Andrew Sullivan has mined the internet for information coming from Iran in the past few weeks. One thing that becomes clear in reading Sullivan’s site is that – if the assorted tweets, videos, images, blog posts, and messages are in any way representative – something new is in the offing in Iran. Sullivan quotes one young Iranian on his blog on Friday night, after the Supreme Leader has set out his demand that the protests stop, with the promise of violence in his words:
I will participate in the demonstrations tomorrow. Maybe they will turn violent. Maybe I will be one of the people who is going to get killed. I’m listening to all my favorite music. I even want to dance to a few songs. I always wanted to have very narrow eyebrows. Yes, maybe I will go to the salon before I go tomorrow! There are a few great movie scenes that I also have to see. I should drop by the library, too. It’s worth to read the poems of Forough and Shamloo again. All family pictures have to be reviewed, too. I have to call my friends as well to say goodbye. All I have are two bookshelves which I told my family who should receive them. I’m two units away from getting my bachelors degree but who cares about that. My mind is very chaotic. I wrote these random sentences for the next generation so they know we were not just emotional and under peer pressure. So they know that we did everything we could to create a better future for them. So they know that our ancestors surrendered to Arabs and Mongols but did not surrender to despotism. This note is dedicated to tomorrow’s children…

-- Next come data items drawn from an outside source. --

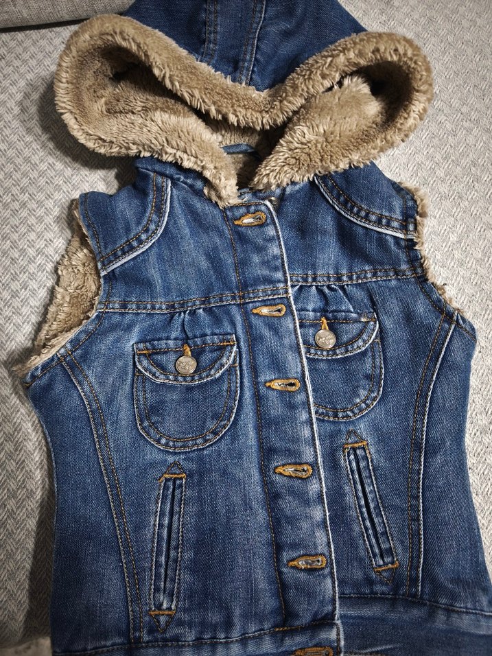 Kız Çocuk Kürklü Kapüşonlu Denim Yelek
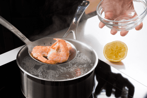 Cut the shrimp's shell and back with scissors, remove the intestine, and boil them in their shell in salted water with lemon juice for 3-4 minutes.
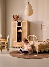 In onze webshop vind je trendy baby- en kinderkleding, educatief speelgoed, stijlvolle babykamer inrichting, bijzondere kindermeubels, unieke bedden en gepersonaliseerde items. We bieden verschillende producten op maat aan die een sprookjesachtige sfeer geven in de baby- en kinderkamer. Alles wat je nodig hebt voor je baby, peuter of kind — overzichtelijk op één plek. Wij staan bekend om unieke gepersonaliseerde producten, zoals teddy stoelen met naam, op maat gemaakte gevlochten bedbumpers en bedhemels die perfect aansluiten op jouw bedhuisje. We werken samen met bekende merken zoals Konges Slöjd, Liewood, Quax, Mushie, en Mrs. Ertha.
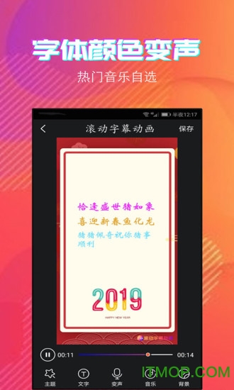文字视频秀:提供数十种动画背景风格和上百种文字字体选择,支持自定义视频配乐,让您的小视频更具个性魅力!

Later on Friday, in the night, a woman videotaped the sounds of shouts from the rooftops of Tehran of “Allahu Akbar” and “Death to the Dictator” as she explained the poetry of the moment:
Then, from Saturday I believe, there is this thrilling video from the Persian BBC:
The theme of the coverage of the Iran in the Times and other papers this morning – and indeed since Saturday – has been: “There is no going back from here.” Mousavi has made it clear he is not compromising on his core terms – and is prepared to martyr himself. On the other side, sources suggest the regime is preparing to label Mousavi a terrorist – as official media sources have hinted he is working with a small terrorist group within Iran.
What has become clear – given these sentiments of Mousavi and his supporters – is that what follows will be either a revolution or a crushed rebellion. The legitimacy of the regime has been questioned – and even if Mousavi is able to maneuver his way into taking power without removing Khamenei or the current power structure, the result is still a revolution. Because, as the system is set up, Iran’s democracy is designed to merely provide an outlet for frustrations – not to create a government with the consent of the people.
The candidates are chosen in advance by the ruling class – and alternate candidates are not just shunned, they are excluded. The votes are tabulated in secret – and the results of the election can be invalidated by the Supreme Leader if he deems the result to be improper. What the Iranian people have made clear in the past week is that their consent is required for the state to function. This fundamentally changes the social bargain at the heart of the Islamic republic – and directly challenges the more authoritarian vision of Ahmadinejad and his faction.